Predictive Hacks

How to Save and Load Scikit Learn Models

Let’s go straightforward to show you how to save and load the scikit learn models. We will start with random forest model.

from sklearn.ensemble import RandomForestClassifier
from sklearn.datasets import make_classification
X, y = make_classification(n_samples=1000, n_features=4,
                           n_informative=2, n_redundant=0,
                           random_state=0, shuffle=False)
clf = RandomForestClassifier(max_depth=2, random_state=0)
clf.fit(X, y)

Our model is the clf and we want to save it in the hard disk and then load it.

Pickle Models

We can save the models as pkl objects using the pickle library.

import pickle

# Save the model under the cwd
pkl_filename = "clf.pkl"
with open(pkl_filename, 'wb') as file:
    pickle.dump(clf, file)

# Load the saved model
with open("clf.pkl", 'rb') as file:
    clf = pickle.load(file)


# Now you can use the model
print(clf.predict([[0, 0, 0, 0]]))

Joblib Models

We will save the clf model but using the joblib library.

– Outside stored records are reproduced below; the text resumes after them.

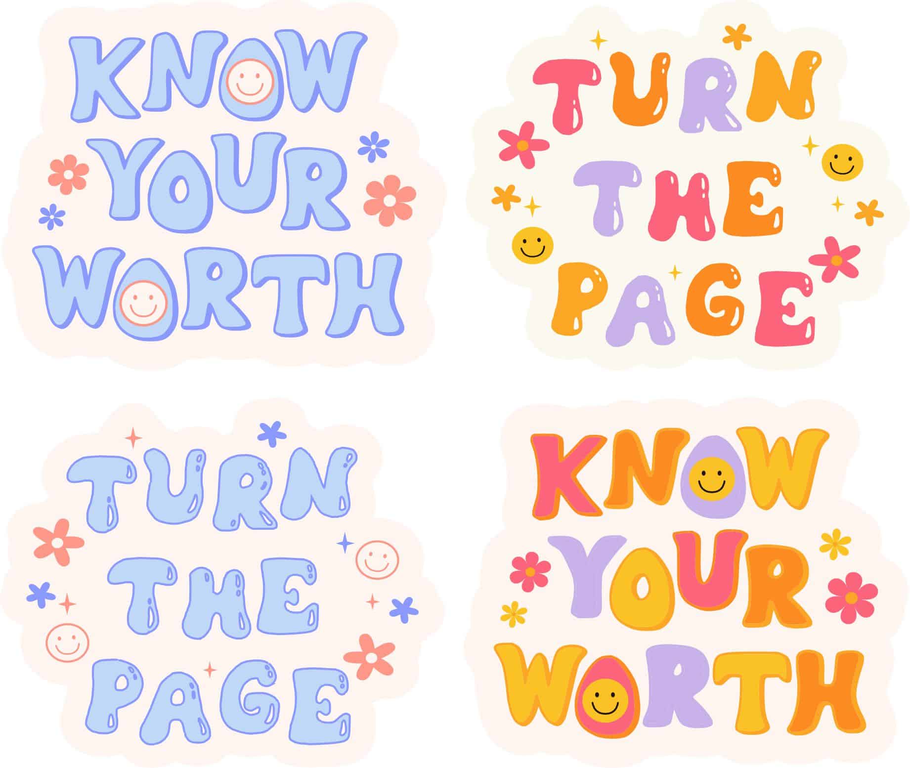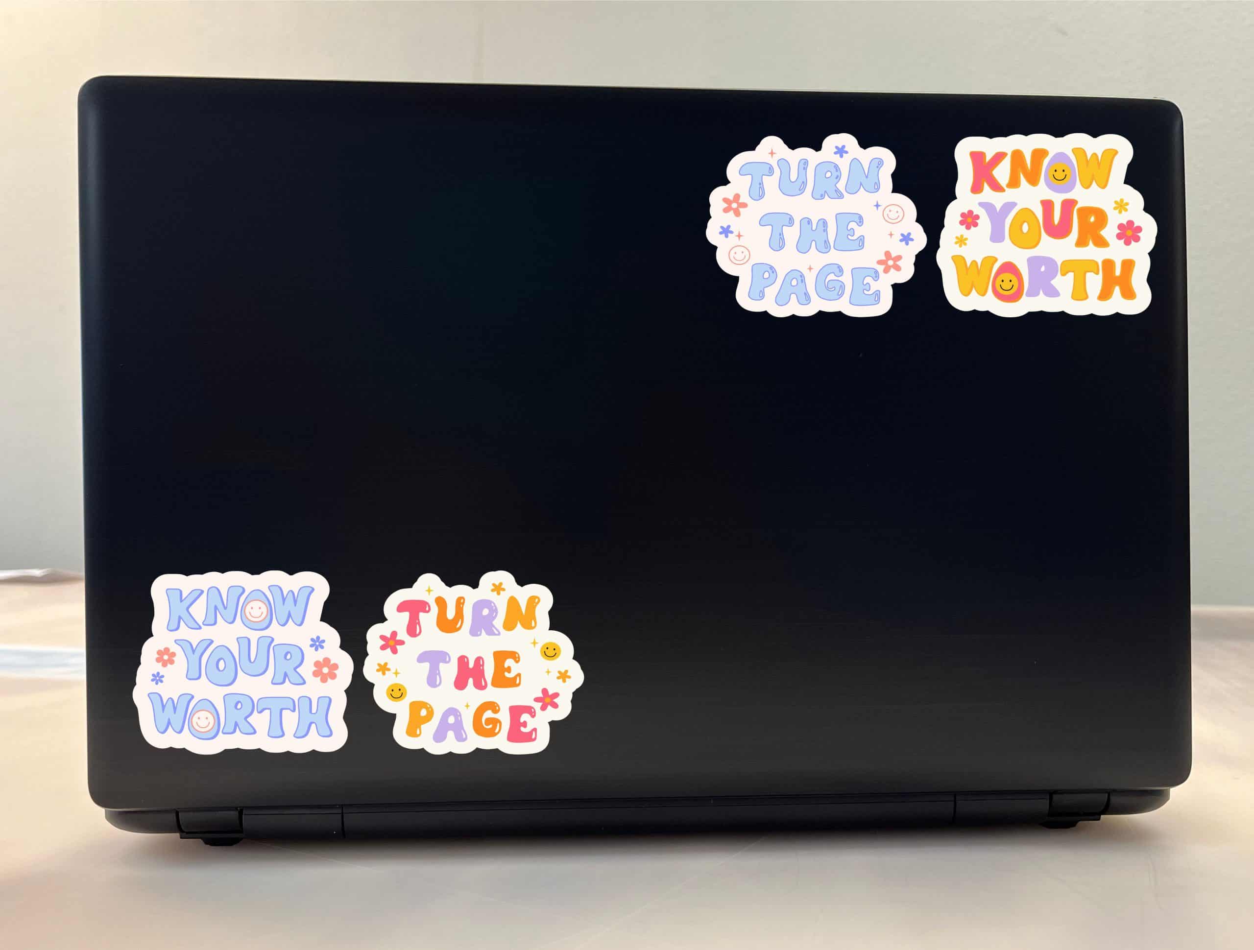 This is 1 sheet of 4 stickers, each one measures 3 inches wide by 2.5 inches tall (76.2 mm x 63.5 mm). These vibrant inspirational vinyl stickers feature uplifting messages including “Know Your Worth,” “Turn the Page,” and “Know Your Worth” in cheerful bubble letters with smiley faces and decorative flower accents. Each sticker showcases a delightful color palette of blues, purples, oranges, pinks, and yellows that will brighten any surface. Crafted from premium air release vinyl with standard removable adhesive, these stickers are laminated with UV resistant PVC for superior durability. They are completely waterproof and weatherproof, resisting fading and cracking over time. The air release technology ensures easy application without bubbles, while the removable adhesive allows for repositioning during initial placement. These motivational stickers are perfect for decorating laptops, water bottles, notebooks, planners, phone cases, mirrors, or any smooth surface that could use an uplifting message. Made in the USA with high-quality materials, these stickers maintain their vibrant colors and strong adhesion in various weather conditions. Note that while easily removable, these are designed for one-time use. Whether you’re looking to inspire yourself daily or give encouraging gifts to friends, these cheerful motivational stickers spread positivity wherever they’re placed.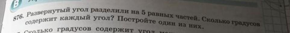 развернутый угол - 180 градусов. 180:5=36 вроде (пересчитай) каждый угол =36 градусам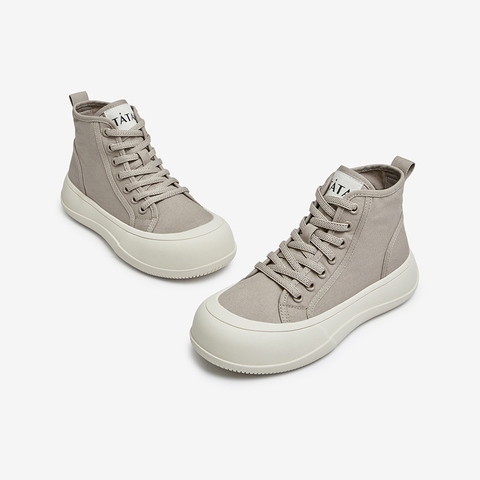 Tata/他她2022秋时尚圆头高帮帆布鞋休闲板鞋女新WSC03CM2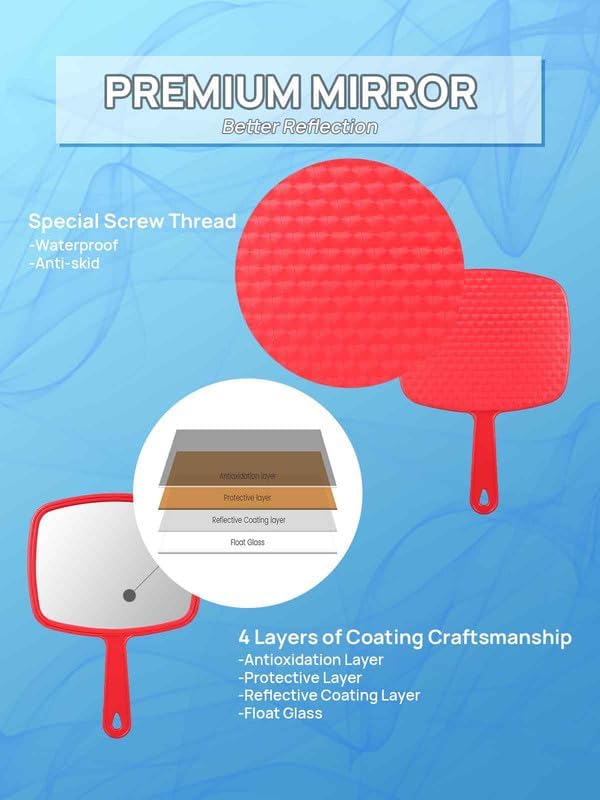 - PREMIUM HANDHELD MIRROR: 4 layers of coating craftsmanship for better reflection. It has a superior screw thread design for an anti-skid mechanism—an excellent tool for a haircut

from sklearn.externals import joblib

# Save the model under the cwd
joblib_filename = "clf.pkl"
joblib.dump(clf, joblib_filename )

# Load the saved model
clf = joblib.load('clf.pkl')

# Now you can use the model
print(clf.predict([[0, 0, 0, 0]]))

How to Save the Model and the Tokenizer in a Single File

In many NLP tasks, apart from the Machine Learning model, we have a tokenizer where it makes sense to save both of them in a single file. Let’s see how we can achieve that.

import pickle

# Save the Tokenizer and the Model in the same file
with open('model_and_tokenizer.pkl', 'wb') as file:
  pickle.dump((tokenizer, clf), file)


# Load the Tokenizer and the Model
with open('model_and_tokenizer.pkl', 'rb') as file:
  tokenizer, clf = pickle.load(file)


# Apply it to your data 
X_test_tokenized = tokenizer.transform(X_test)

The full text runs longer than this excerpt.